The Pre-Raphaelites was a secretive “band of brothers”
who started out as rebels against the British art establishment (including one
Sir Sloshua), only to become the new establishment, dominating the art scene of
perfidious Albion until about 1900. In the popular imagination, Pre-Raphaelite
art is usually pictured as “a mysterious redhead in a medieval setting”.
Although this is a stereotype, there is some truth to it. Nor is the reputation
of the PRB painters as eccentrics and womanizers entirely unfounded, I mean,
one of them *did* elope with John Ruskin's wife shortly after painting Ruskin's
portrait! Another one lived in a house surrounded by a garden inhabited by
exotic animals, including wombats and, if memory serves me right, kangaroos.

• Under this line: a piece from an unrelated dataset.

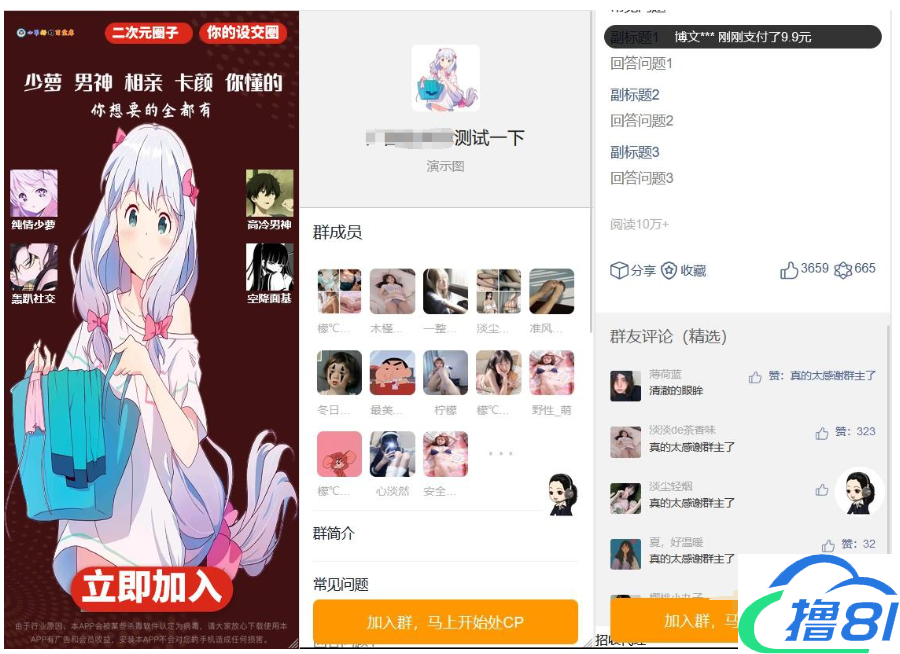 九块九加群微信裂变功能,可以扩展人脉、吃瓜、宝妈同城相亲和交友等功能,并可添加表情包。

But if *this* is what interests you most about John Everett Millais, William Holman Hunt, Dante Gabriel Rossetti and the other faux medievalist rebels against the Academy, you might get sorely disappointed by Christopher Wood's more civilized take on the Pre-Raphaelite Brotherhood. He purposely emphasizes their art rather than their love lives (or interest in Australian marsupials), and the book is therefore dominated by lavish reproductions of Pre-Raphaelite paintings (most of them in color). Wood also points out that Pre-Raphaelism had two distinct phases, with the later phase, during which the Pre-Raphaelites fused with the broader Aesthetic Movement around William Morris, usually being neglected by modern writers. To remedy this, the author has included more material on this phase, including the artwork of Edward Burne-Jones.

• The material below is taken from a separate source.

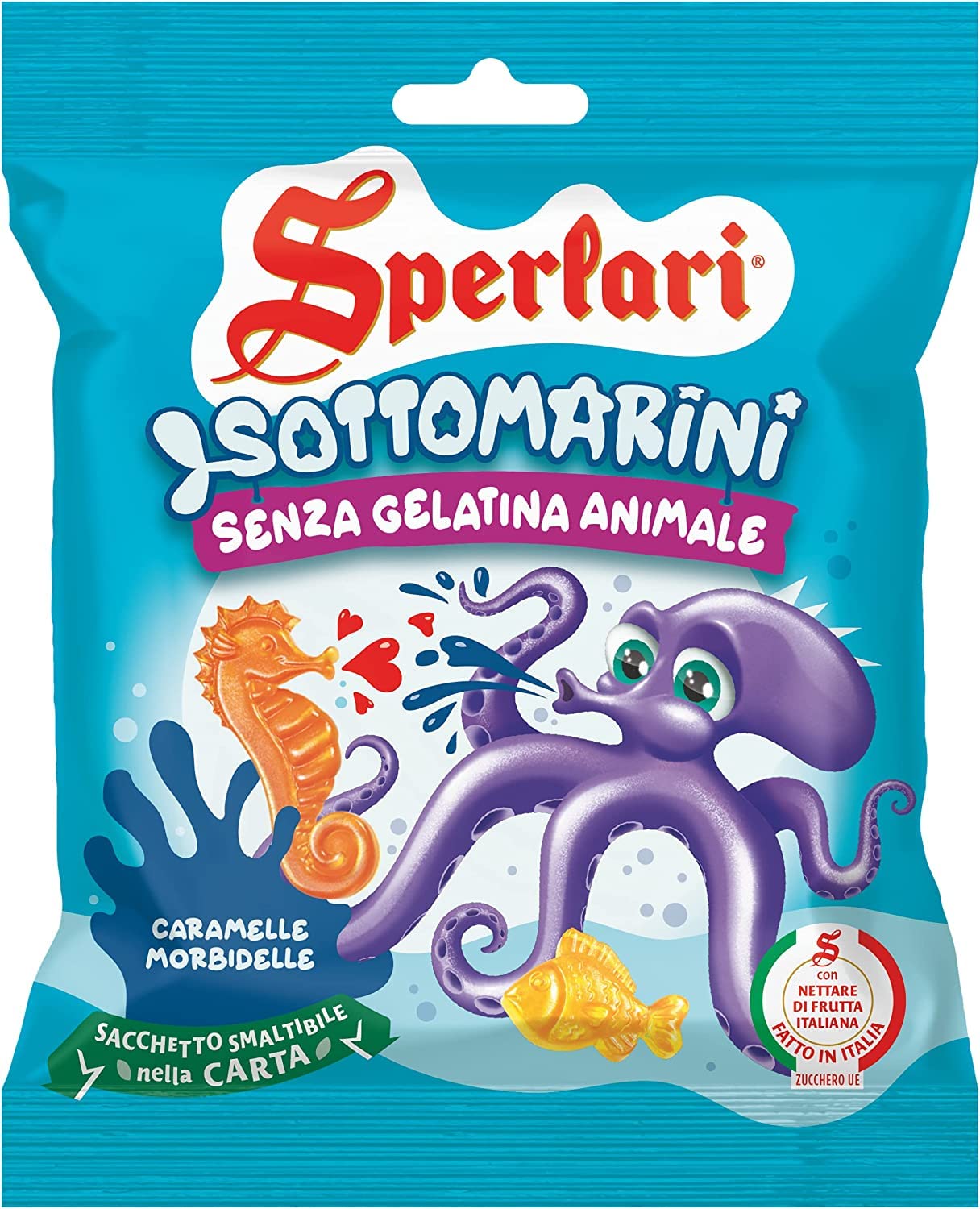 Description: Discover Sperlari Sottomarini, a world of gentle and friendly sea creatures, made with delicious Italian peaches, pears, raspberries, and strawberries, and without animal gelatin. Packaged in a disposable paper bag. Only natural flavors and no artificial colors. Gluten-free. Ingredients: Sugar, glucose syrup, starch, modified starch, water, acidifiers (citric acid, lactic acid), peach nectar 2 (peach puree 1 , water, sugar), strawberry puree 2 (1 , water, sugar), pear puree 2 (water, sugar), raspberry puree 2 (water, raspberry puree 0.9 , sugar), natural flavorings, vegetable oils (coconut, rapeseed), concentrates (black carrot, spirulina, saflor), acidity regulator (potassium tartrate), glazing agent (carnauba wax), color (lutein). Safety instructions: Contains starch, contains an acidifier, contains an acid regulator, contains a color and a glazing agent. Allergen information: Gluten-free. INGREDIENTS Ingredients: sugar, glucose syrup, starch, modified starch, water, acidifier (citric acid, lactic acid), peach nectar 2 (peach puree 1 , water, sugar), strawberry nectar 2 (strawberry puree 1.1 , water, sugar), pear nectar 2 (puree 1 , water, sugar), raspberry nectar 2 (water, raspberry puree 0.9 , sugar), natural flavorings, vegetable oils (coconut, rapeseed), concentrates (black carrot, spirulina, safflower), acidity regulator (potassium tartrate), glazing agent (carnauba wax), color (lutein).Sperlari Sottomatini Kids Lot de 3 bonbons aux fruits doux et étincelants en forme d'animaux marins, pêche, poire, framboise et fraise, pour enfants – Sacs de 40 gDESCRIPTION DU PRODUIT DESCRIPTION DU PRODUIT Description : Découvrez Sperlari Sottomarini, un monde d'animaux marins doux et amicaux, préparé avec de délicieuses pêches, poires, framboises et fraises italiennes et sans gélatine animale. Emballé dans un sac en papier jetable. Uniquement des arômes naturels et sans colorants artificiels. Sans gluten. Ingrédients : sucre, sirop de glucose, amidon, amidon modifié, eau, acidifiant (acide citrique, acide lactique, acide lactique), nectar de pêche 2 (purées de pêche 1 , eau, sucre) 2 (purée de fraise 1, 1 , eau, sucre) 2 (purée de poire 1 eau, sucre, framboise, eau, sucre, framBeernectar 2 (eau, purée de framboise 0,9 , sucre), arômes naturels, huiles végétales (coco, colza, concentrés (carotte noire, spiruline, saflor), régulateur d'acidité (tartrate de potassium), agent d'enrobage (cire de carnauba), colorant (lutéine). Consignes de sécurité : contient de l'amidant, contient un acidifiant, contient un régulateur d'acide, contient un colorant et un agent d'enrobage sur les allergènes : gluten_free. INGRÉDIENTS Ingrédients sucre, sirop de glucose, amidon, amidon modifié, eau, acidifiant (acide citrique, acide lactique), nectar de pêche 2 (purée de pêche 1 , eau, sucre), nectar de fraises 2 (purée de fraises 1, 1 , eau, sucre), nectar de poire 2 (purée 1 , eau, sucre), H nectar de framboise 2 (eau, purée de framboise 0,9 , sucre), arômes naturels, huiles végétales (coco, colza), concentrés (carotte noire, spiruline, carthame), régulateur d'acidité (tartrate de potassium), agent d'enrobage (cire de carnauba), colorant (lutéine).

I admit that I never quite grasped the point of Pre-Raphaelism. According to Wood, Millais & Co were paradoxical in many ways. While wanting to paint as realistically as possible, they usually chose medieval or literary themes as their motifs. Ironically, this often led to accusations of Catholic tendencies! Contradicting this, Charles Dickens condemned Millais' painting “Christ in the house of his parents” (with its strong carpenter shop realism) as “mean, repulsive and revolting”. Occasionally, though, the Pre-Raphaelites also ventured into the field of social critique, for instance Hunt's “The Awakening Conscience”, here interpreted as a painting attacking prostitution (although I suspect modern feminists might found the work sexist). During the second phase, when Pre-Raphaelism became part of a broader and more syncretistic current, the movement spread into furniture, architecture and book design. There was also an overlap with the difficult-to-grasp school of art known as Symbolism. But yes, the number of redheaded femme fatales was still conspicuously large...
Five stars for the book, but I must admit that I don't quite like the art itself. Too many strange, bright colors! And too few wombats, LOL.